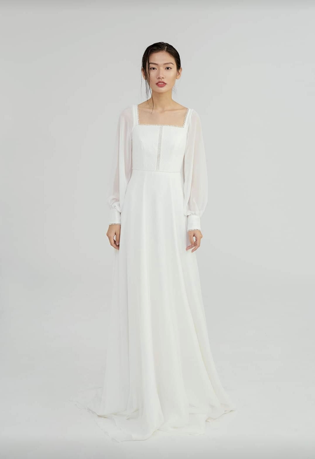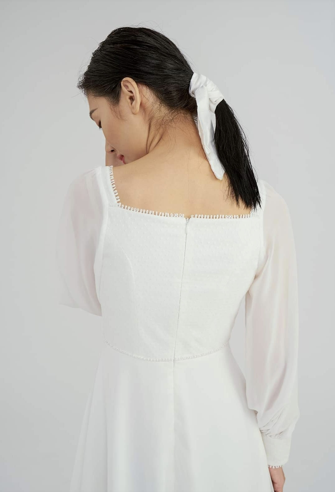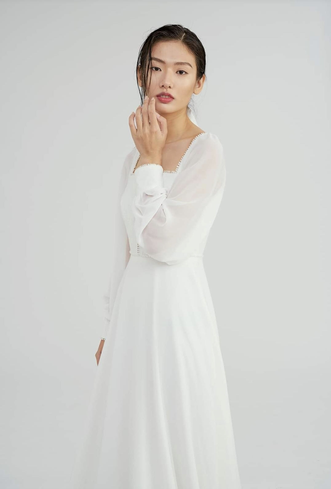 This long-sleeve organza dress from Sarah Luton embodies modern elegance with timeless grace. Crafted from lightweight organza, it features a softly structured bodice, a square neckline framed by sheer voluminous sleeves, and a flowing A-line silhouette that moves with ease. The delicate fabric and refined design make it an ideal choice for garden parties, formal gatherings, or bridal-inspired occasions. Sarah Luton’s meticulous tailoring ensures a flattering fit that blends sophistication with a whisper of romance. Whether worn with heels or styled more casually, this dress is designed to turn heads while feeling effortless.
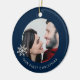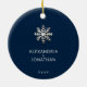 Celebrate a special milestone with this Personalised First Christmas ornament. Cherish your first holiday together as a couple with this exquisite ornament featuring a customisable photo framed by a delicate snowflake on a rich navy blue background. The front elegantly displays 'Our First Christmas' in the lower thirds, capturing the magic of the moment. Turn it around to find the snowflake-adorned back, ready to be personalised with your names and the memorable year. This unique ornament is a perfect addition to your tree and a wonderful keepsake to mark your journey together.
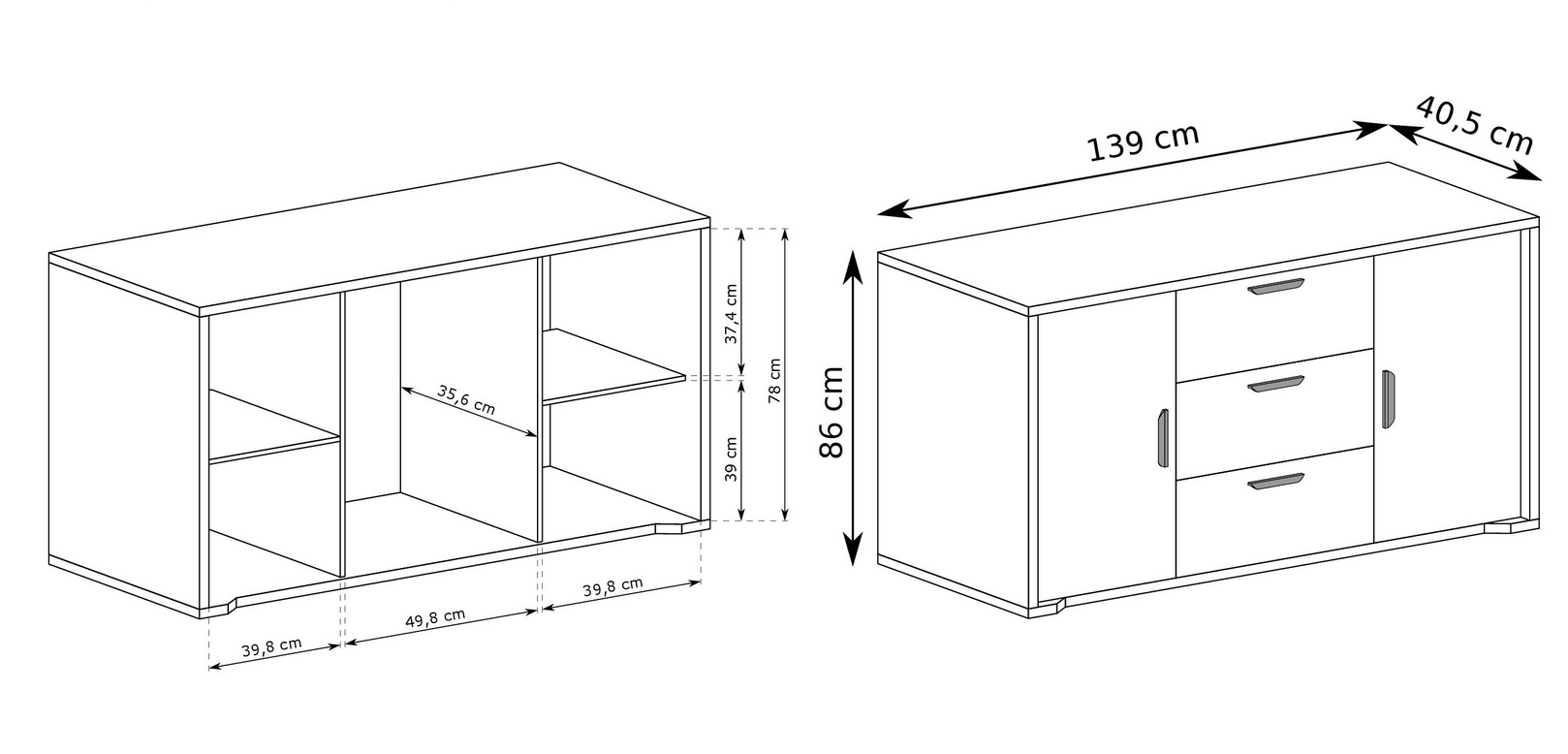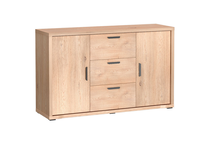 Komoda G-2 je praktickým a elegantným doplnkom do každého interiéru. Vyrobená z kvalitného materiálu s prírodným dekorom. Jej jednoduchý a moderný dizajn zabezpečuje, že sa ľahko hodí do rôznych typov miestností.
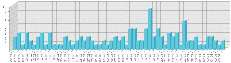 სტატისტიკა დღეების მიხედვით:     ან ბოლო დღის სტატისტიკა
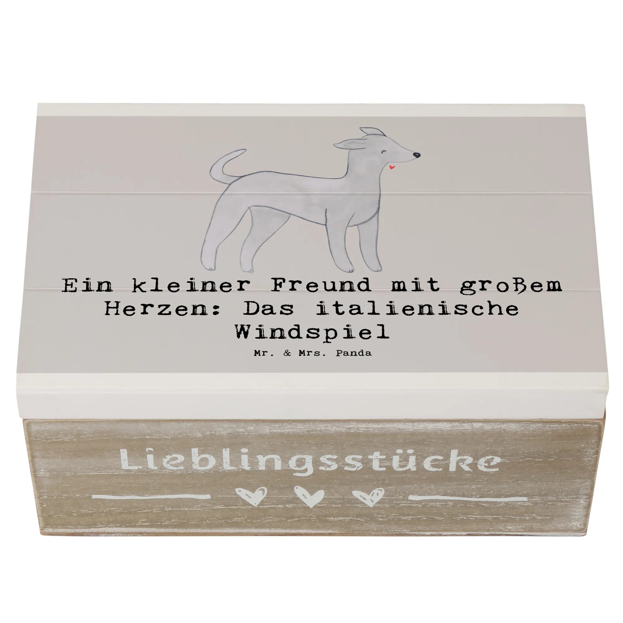 Die wunderschöne Holzkiste von Mr. & Mrs. Panda mit dem Motiv "Italienisches Windspiel" ist das perfekte Geschenk für jeden Hundefan! Diese einzigartige Kiste bietet nicht nur einen stilvollen Aufbewahrungsort für all deine wertvollen Schätze, sondern strahlt auch die Liebe zu unserem vierbeinigen Freunden aus.
□ □ □ □
— EXERCISE OBJECTIVE —
Only an exact copy belongs in the answer: the lines from the one containing "Komoda G-2 je praktickým" through the end of the records, both ends included, minus the pictures.

— WRITTEN ANSWER —
 Komoda G-2 je praktickým a elegantným doplnkom do každého interiéru. Vyrobená z kvalitného materiálu s prírodným dekorom. Jej jednoduchý a moderný dizajn zabezpečuje, že sa ľahko hodí do rôznych typov miestností.
 სტატისტიკა დღეების მიხედვით:     ან ბოლო დღის სტატისტიკა
 Die wunderschöne Holzkiste von Mr. & Mrs. Panda mit dem Motiv "Italienisches Windspiel" ist das perfekte Geschenk für jeden Hundefan! Diese einzigartige Kiste bietet nicht nur einen stilvollen Aufbewahrungsort für all deine wertvollen Schätze, sondern strahlt auch die Liebe zu unserem vierbeinigen Freunden aus.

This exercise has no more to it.